What the task asks:
Print every entry, word for word, and skip the images.

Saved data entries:
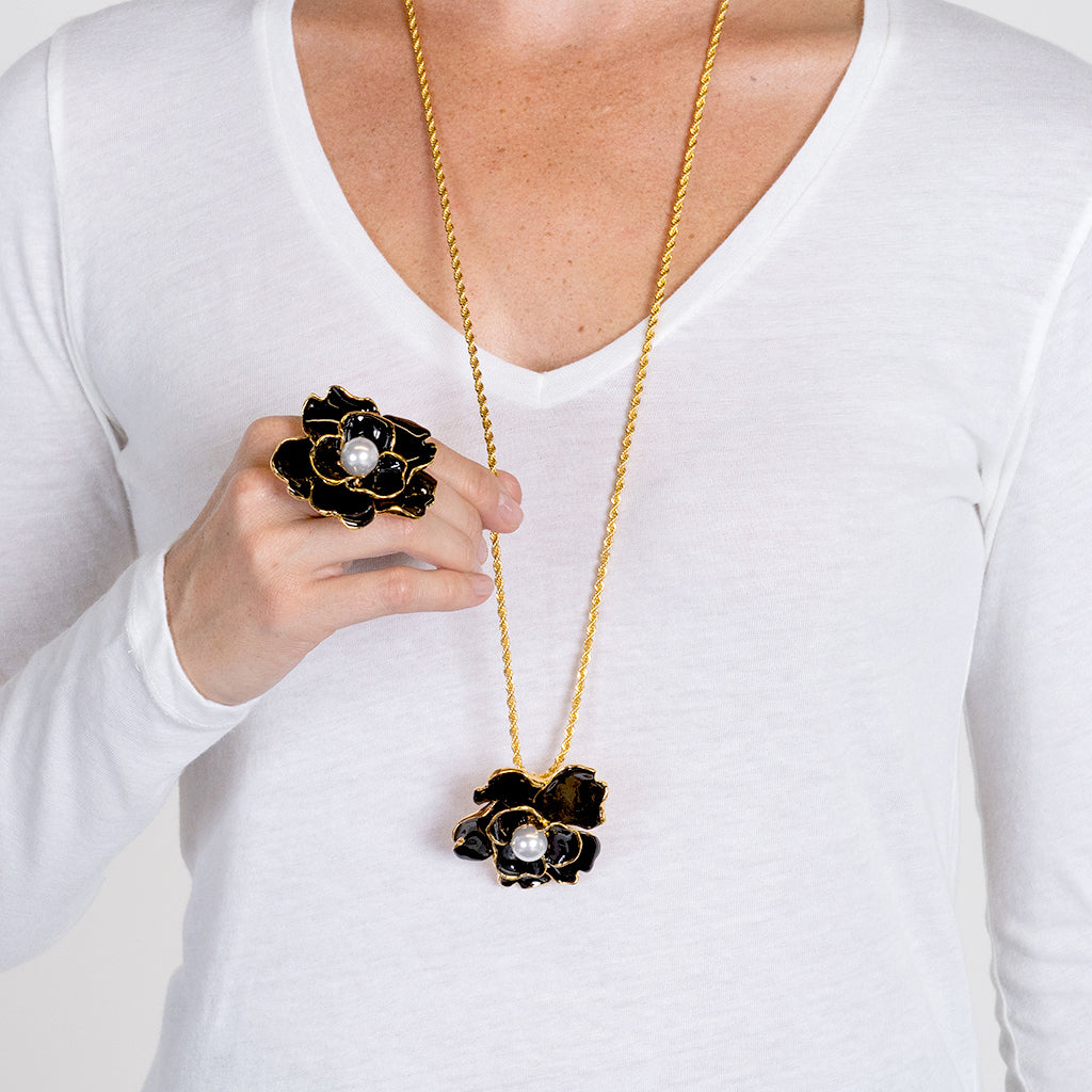 Pretty and playful, this necklace features an intricate black and gold enamel flower with a cultura pearl at the center. Pair with our Black Enamel Flower Ring.
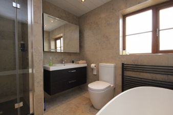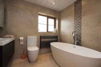 FAMILYBATHROOM7' 2" x 10' 0" (2.19m x 3.06m reducing to 2.56m) Being fully tiled and fitted with a suite in white comprising of a free standing oval bath with chrome floor standing tap and shower attachment, a wall hung vanity unit with wash hand basin and chrome mixer tap, low flush toilet and enclosed shower cubicle with modern Aqualisa shower with waterfall head. There is a black central heated towel rail, a tiled ceramic floor, an extractor fan, upvc cladding and spot lights to the ceiling, glass mirrored cabinet to the wall, sensor lighting and a upvc double glazed window viewing to the rear of the property.
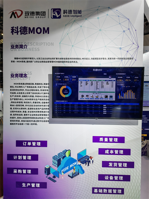 科德展出自主研发科德MOM系统,始于1997年,经过二十多年技术创新升级、管理思想融入,深刻理解用户价值需求,智能排期一键下发,精细化成本核算,与工业立库无缝衔接,让生产管理更智慧。通过im电竞二十多家生产工厂的实践应用,拥有多行业丰富的场景应用案例和生产管理问题的解决方案。以企业生产管理QCD为核心,在提高生产效率、缩短交付周期和降低呆滞品库存方面不断优化,助力企业生产管理水平提升。
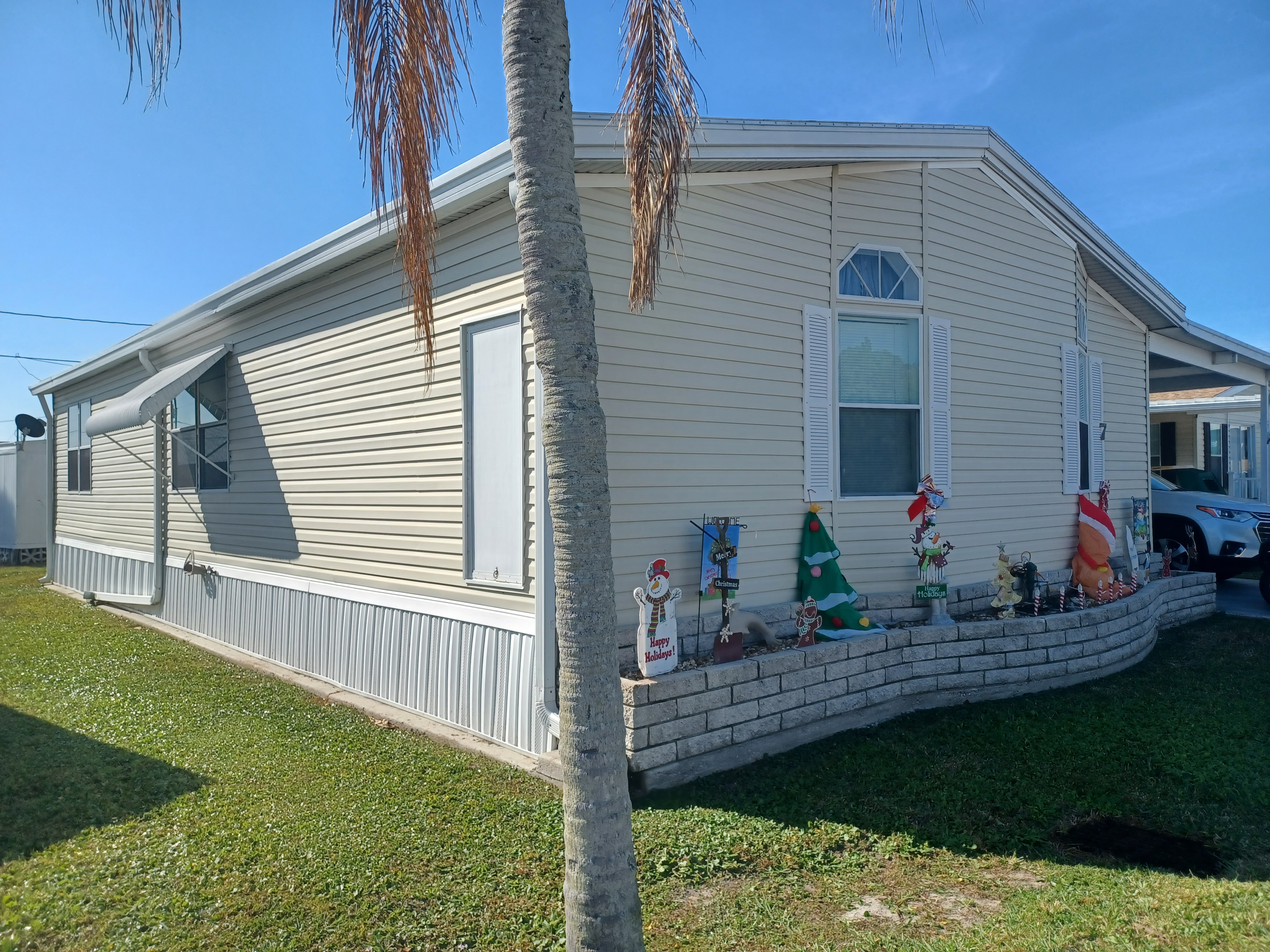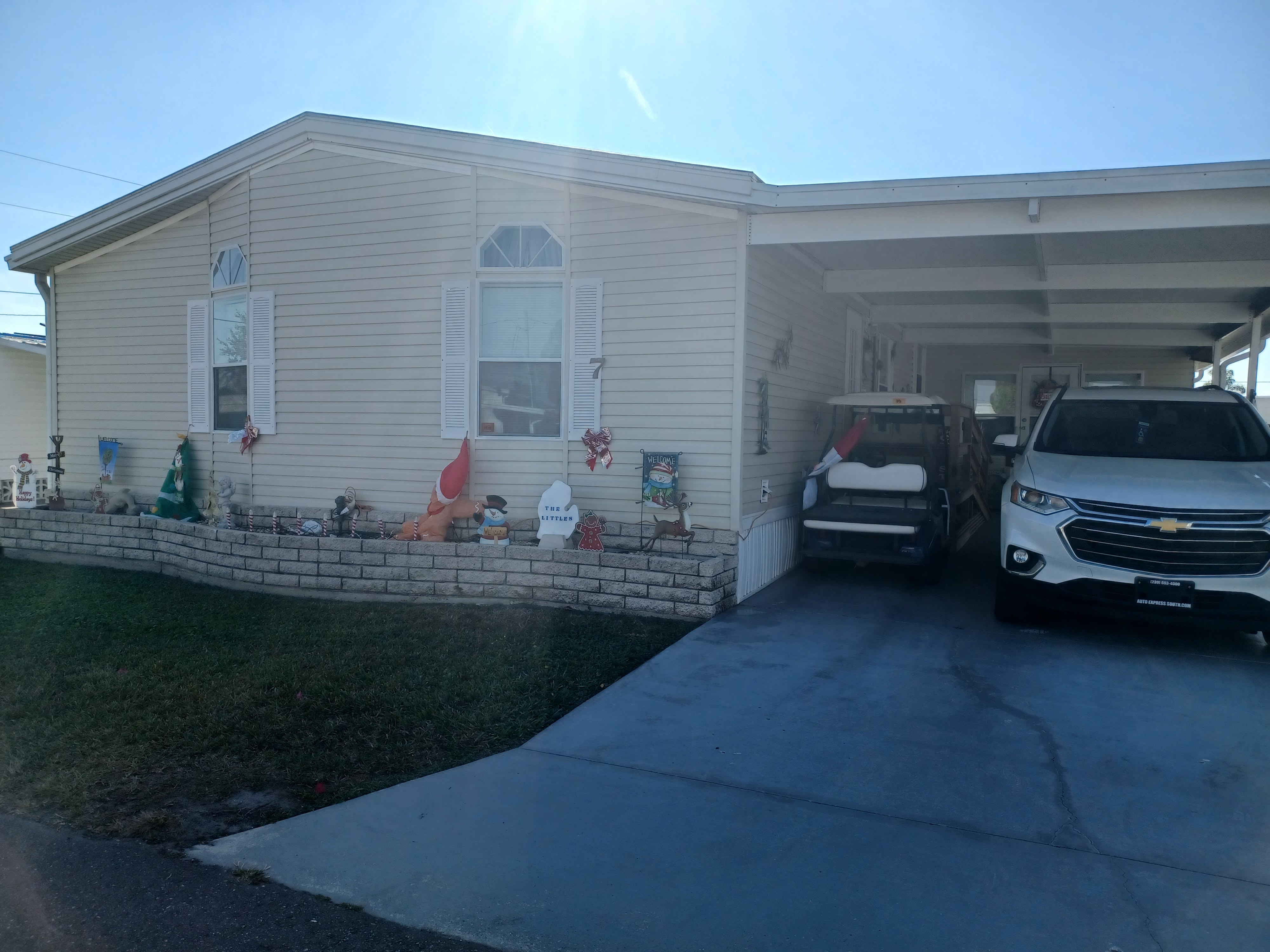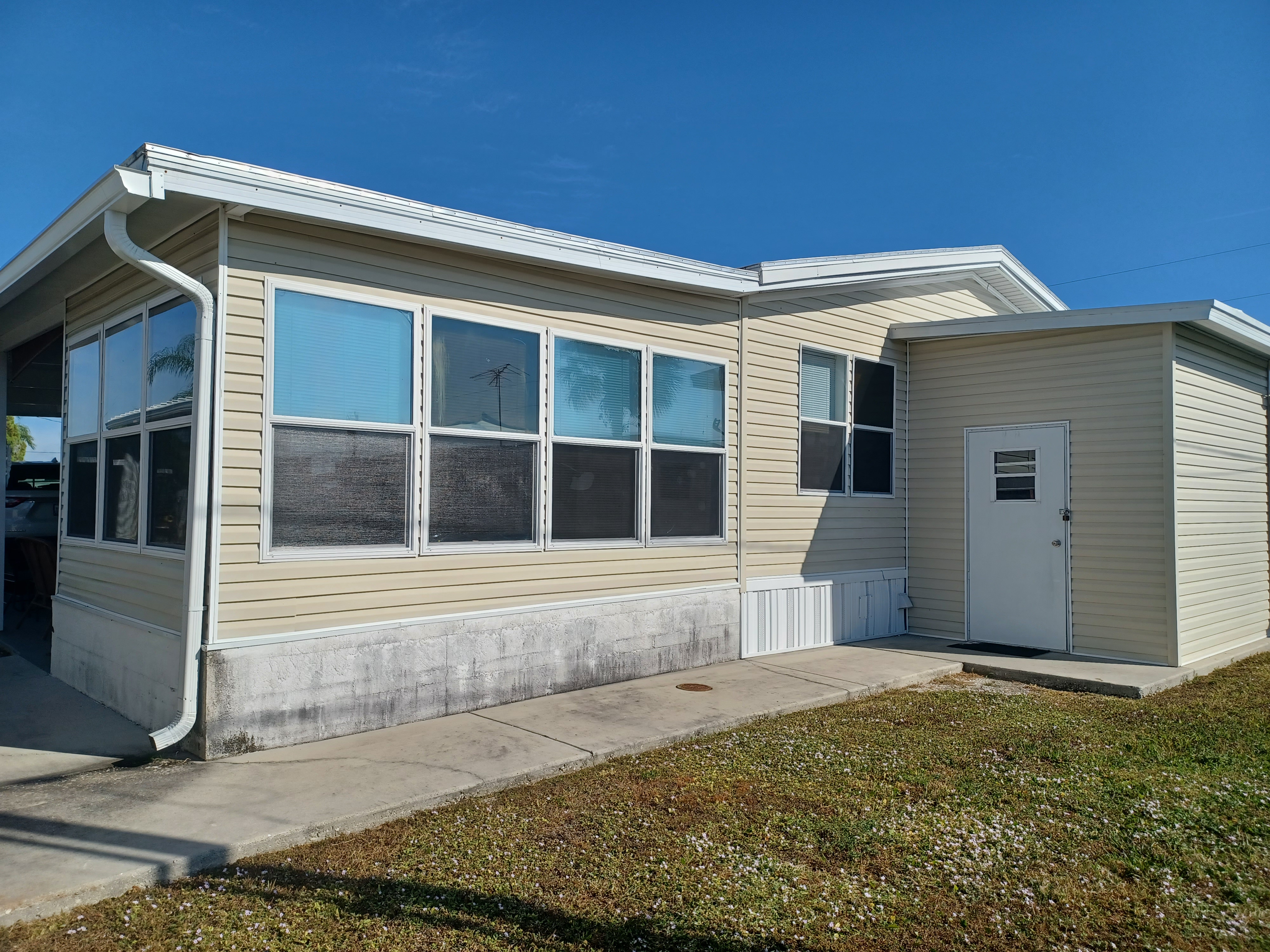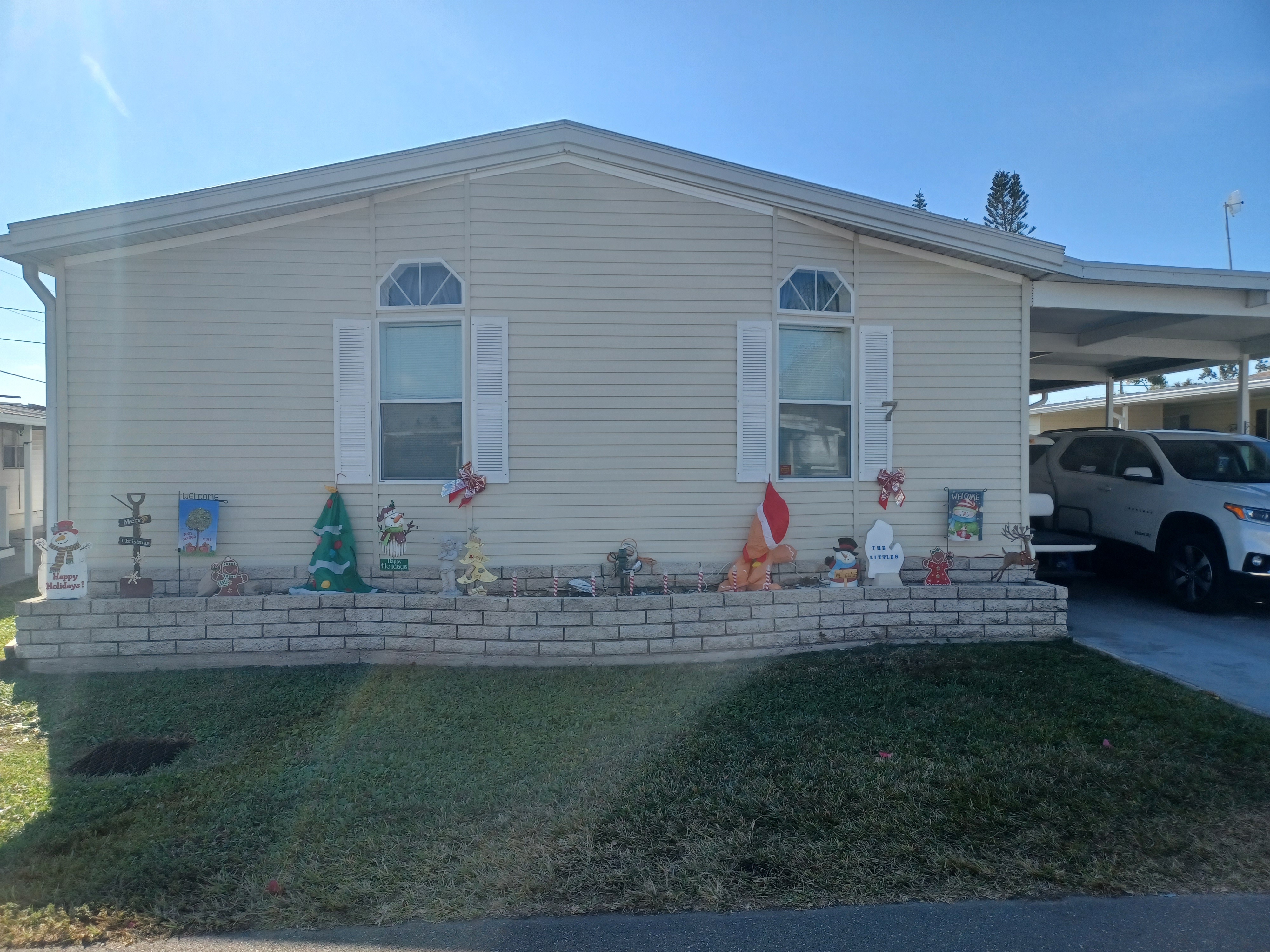 Carpet; Carport; Cathedral Ceiling; Ceiling Fan(s); Central A/C; Community Clubhouse; Community Pool; Community Storage; Dishwasher; Dryer; Florida Room; Furnished; Gated Community; Hot Water Heater; Lanai; Laundry Area in Home; Metal Roof; Microwave; Non-Smoking Owner; Parking - 2 Car; Pet Friendly under 45 lbs; Oven/Range; Refrigerator; Roof Over; Shed; Smoke Detectors; Tub/Shower Combo; Vinyl Plank Flooring; Vinyl Siding; Walk-In Closet(s); Walk-In Shower; Washer; Window Treatments;Approximate Size
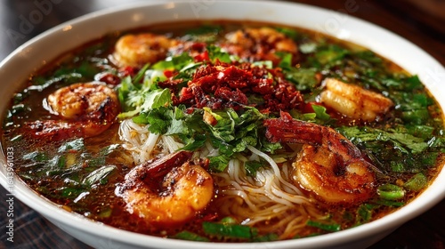 A steaming bowl of shrimp noodle soup features plump shrimp, delicate noodles, and a variety of fresh herbs and spices. The dish showcases a rich broth that enhances its flavors.
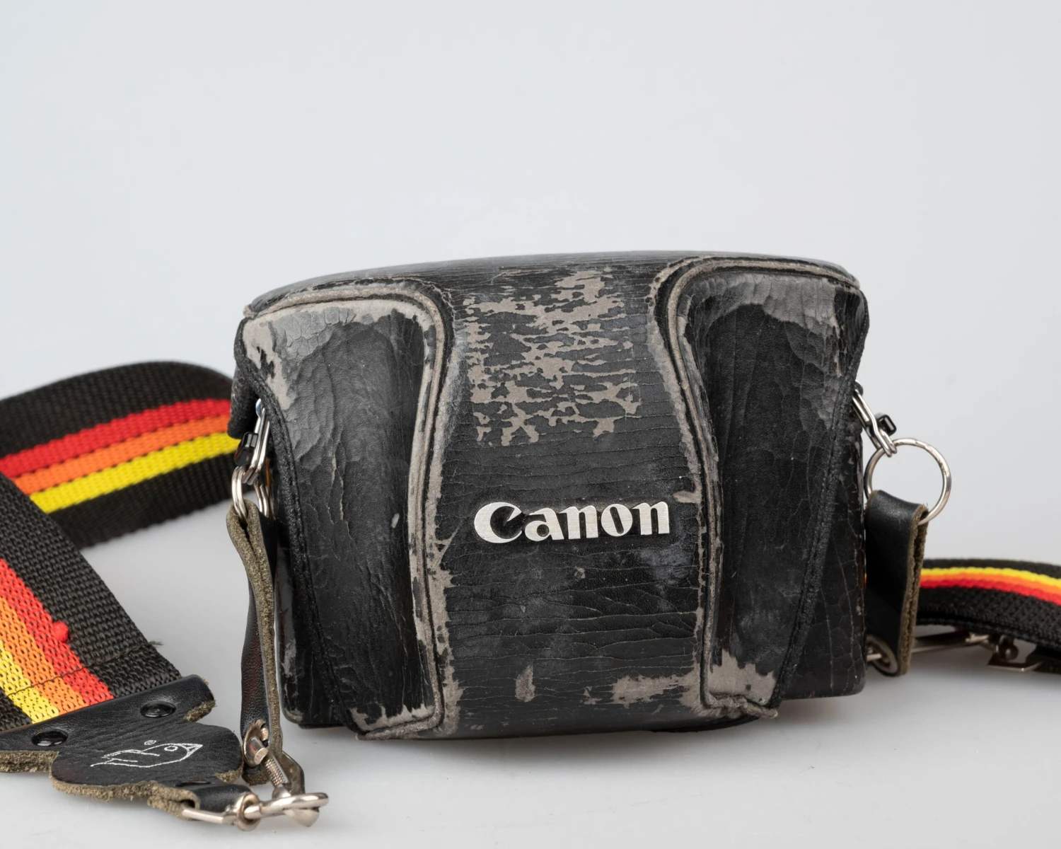 The camera was tested with film and delivered sharp images. It is in very good cosmetic condition as well. The included case is only in fair condition (the leatherette is dried out and leaves crumbs) but we feel it’s still useful for storing and transporting the camera.
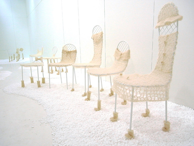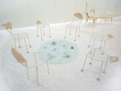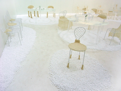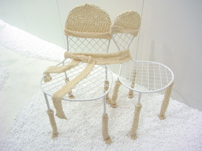 На мизансцене под руководством автора были установлены стол «Капля стол» («Drop table»), «Сад тарелка» («Garden plate») и стулья с изумительными, мягкими, непохожими одна на другую вязанными спинками «Семейные стулья» («Family chairs»), поставленные так, будто близкие люди общаются друг с другом. Все предметы мебели были изготовлены итальянской компанией «Living Divani».
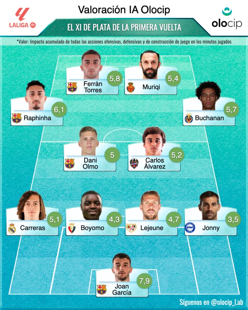 En el segundo mejor equipo que se puede formar con las estrellas de LaLiga, según la IA de Olocip, la portería es para Joan García (Barcelona); en defensa Jonny Otto (Celta), Florian Lejeune (Rayo Vallecano), Enzo Boyomo (Osasuna) y Álvaro Carreras (Real Madrid); en la medular destacan Tajon Buchanan (Villarreal), Carlos Álvarez (Levante), Dani Olmo y Raphinha Dias (Barça); y arriba formarían dupla el también culé Ferran Torrés y Vedat Muriqi (Mallorca).

Task solution:
 Pretty and playful, this necklace features an intricate black and gold enamel flower with a cultura pearl at the center. Pair with our Black Enamel Flower Ring.
 FAMILYBATHROOM7' 2" x 10' 0" (2.19m x 3.06m reducing to 2.56m) Being fully tiled and fitted with a suite in white comprising of a free standing oval bath with chrome floor standing tap and shower attachment, a wall hung vanity unit with wash hand basin and chrome mixer tap, low flush toilet and enclosed shower cubicle with modern Aqualisa shower with waterfall head. There is a black central heated towel rail, a tiled ceramic floor, an extractor fan, upvc cladding and spot lights to the ceiling, glass mirrored cabinet to the wall, sensor lighting and a upvc double glazed window viewing to the rear of the property.
 科德展出自主研发科德MOM系统,始于1997年,经过二十多年技术创新升级、管理思想融入,深刻理解用户价值需求,智能排期一键下发,精细化成本核算,与工业立库无缝衔接,让生产管理更智慧。通过im电竞二十多家生产工厂的实践应用,拥有多行业丰富的场景应用案例和生产管理问题的解决方案。以企业生产管理QCD为核心,在提高生产效率、缩短交付周期和降低呆滞品库存方面不断优化,助力企业生产管理水平提升。
 Carpet; Carport; Cathedral Ceiling; Ceiling Fan(s); Central A/C; Community Clubhouse; Community Pool; Community Storage; Dishwasher; Dryer; Florida Room; Furnished; Gated Community; Hot Water Heater; Lanai; Laundry Area in Home; Metal Roof; Microwave; Non-Smoking Owner; Parking - 2 Car; Pet Friendly under 45 lbs; Oven/Range; Refrigerator; Roof Over; Shed; Smoke Detectors; Tub/Shower Combo; Vinyl Plank Flooring; Vinyl Siding; Walk-In Closet(s); Walk-In Shower; Washer; Window Treatments;Approximate Size
 A steaming bowl of shrimp noodle soup features plump shrimp, delicate noodles, and a variety of fresh herbs and spices. The dish showcases a rich broth that enhances its flavors.
 The camera was tested with film and delivered sharp images. It is in very good cosmetic condition as well. The included case is only in fair condition (the leatherette is dried out and leaves crumbs) but we feel it’s still useful for storing and transporting the camera.
 На мизансцене под руководством автора были установлены стол «Капля стол» («Drop table»), «Сад тарелка» («Garden plate») и стулья с изумительными, мягкими, непохожими одна на другую вязанными спинками «Семейные стулья» («Family chairs»), поставленные так, будто близкие люди общаются друг с другом. Все предметы мебели были изготовлены итальянской компанией «Living Divani».
 En el segundo mejor equipo que se puede formar con las estrellas de LaLiga, según la IA de Olocip, la portería es para Joan García (Barcelona); en defensa Jonny Otto (Celta), Florian Lejeune (Rayo Vallecano), Enzo Boyomo (Osasuna) y Álvaro Carreras (Real Madrid); en la medular destacan Tajon Buchanan (Villarreal), Carlos Álvarez (Levante), Dani Olmo y Raphinha Dias (Barça); y arriba formarían dupla el también culé Ferran Torrés y Vedat Muriqi (Mallorca).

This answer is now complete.